I would like to have some kind of time frame when the baby will be born... the mare is eating normally, drinking normally, and had very slight bouts of loose stool at times, biting at her sides, carrying her tail off to the side constantly, stomping, no rolling, nothing violent, just kicking ... 

I LOVE this mare, we have bonded very tightly. In fact when I got off her a month ago (didn't know she was pregnant) to walk by some water. (She doesn't like water) I twisted my ankle. My daughter came to get her so that I could limp home and she refused pulling against the bridal to stay with me and walk along side me... I do not want anything to happen to this mare. And I do not have any horse breeding experience....


----------



## BrokenWings (Jun 15, 2009)

I don't have much in the way of breeding experience myself, but have seen some mares go through the process at the farm where I board.
Runny stoool, and slight leakage (plug) are signs that the baby is coming for sure. The problem is the plug can come out and baby can still be days away. If she is eating and drinking and seems mostly normal, I'd just let her be and let nature take it's course. Keep her walking (in humans they say that makes the baby come faster) and keep her comfy as possible, Good luck, please update!


----------



## reining girl (Jan 30, 2009)

It sounds like she is close to foaling, but im not a breeder either so im no expert. The ranch i work at, one of there mares was bagged up but that was it, so they thought it would be a little while longer, well moday morning when i went out into the pasture to feed her running along side of her was this super cute little bay colt. So you just never know. But it sounds to me like she is getting close, but i could be wrong.


----------



## FGRanch (Feb 9, 2008)

Definatly sounds like she is getting close? Is there still lots of foal movement? If there is I wouldn't be concerned. If the movement has stopped or decreased drastically then I would be concerend and call the vet out.


----------



## AlmagroN (Jul 19, 2009)

she definately sounds close. what you want to watch for is "waxing" this is where the colostrum from the milk builds up on the ends of the teets. it looks like little balls of wax. this can build up and fall off many times, but as soon as this is happening, you should have a foal within 48hours. our mare usually waxes the day of. watch for signs of labor- pacing, looking at her belly, getting up and laying down, laying against the walls, etc. 

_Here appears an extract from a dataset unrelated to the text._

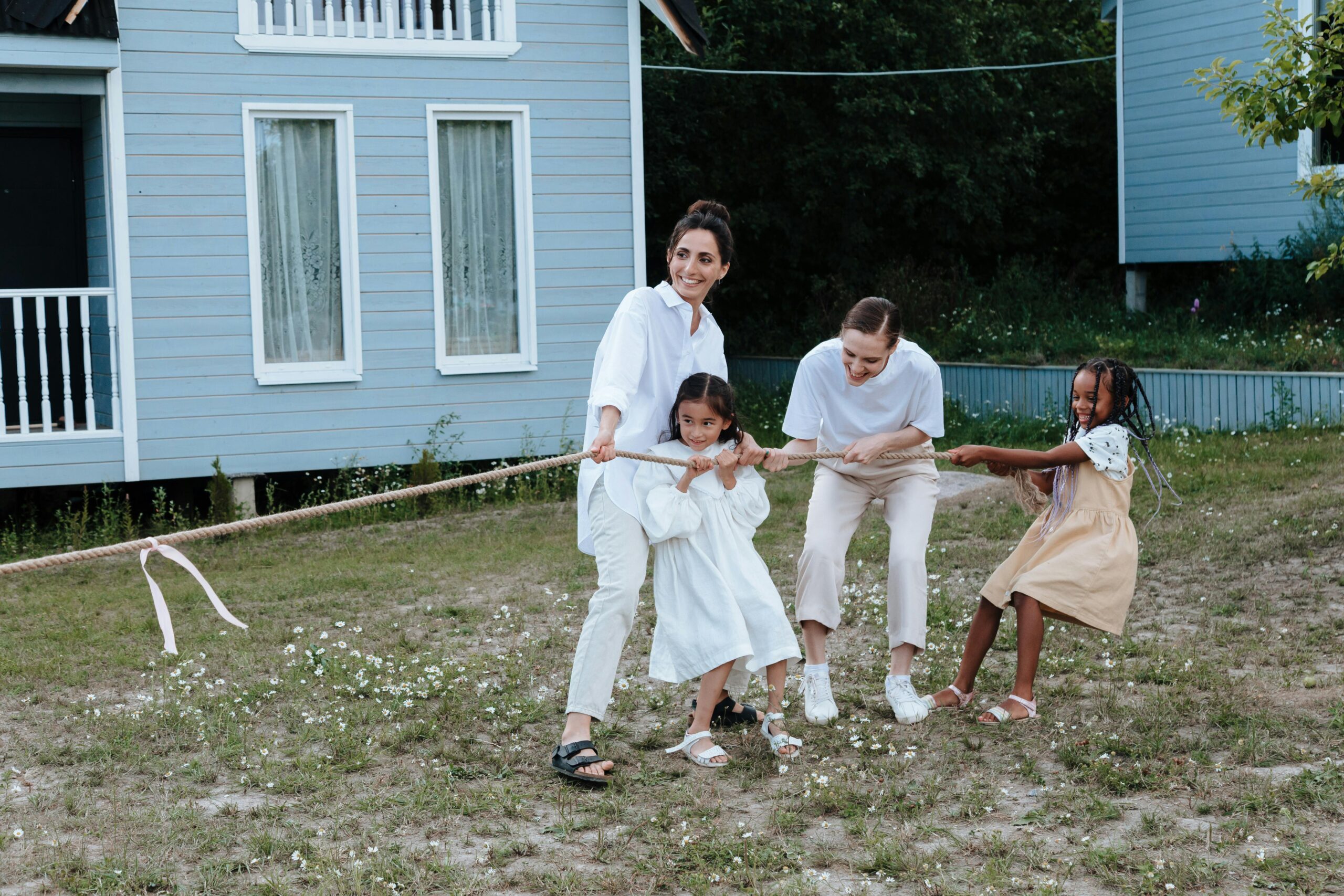 Przeciąganie liny. Jeden koniec liny trzyma tato drugi koniec mama z dziećmi. Walka o prymat w rodzinie, wygrywająca strona może przeciwnikom zadać w domu dwie dodatkowe prace domowe do wykonania.

im not sure how close you are, but most mares like to foal in private when no one else is around, and usually in the middle of the night. our mare has been with us for years and will foal with us in the barn. you can periodically check on her all night if you wish to catch her in labor.

if you think shes going into labor (waxing, and other signs) tie up her tail with something like an ace bandage, this is more cleanly for her and the foal, and its easier. 

if you witness the labor, leave her to it herself. most mares can handle just fine and dont need anyones help. DONT pull the foal out when it starts to come, it can really damage the mare. ive seen so many people make this mistake. 

after the foal is out, break the sac open and rub the foal with a CLEAN unscented towel (put it in the washer but dont use any detergent or anything) and rub the foal with it. make sure its breathing (if not, call your vet) and then step back. your mare will want to talk to her baby. this is SO IMPORTANT. DONT DISRUPT THEM, this is their time to bond and for your foal to know that is its mother. 

after the mare gets up tie the afterbirth in a knot so she doesnt step on it. dont pull it out. she will push it out on her own. save it in a bucket after she does to show your vet to make sure everything came out. 

within an hour your baby should stand and try to feed. if it cant get up call your vet. if you have time, before she goes into labor bed her in a lot of straw and bank the sides up on the walls. is you have a stall that has access to a paddock, leave the door open for her, she may want to foal outside.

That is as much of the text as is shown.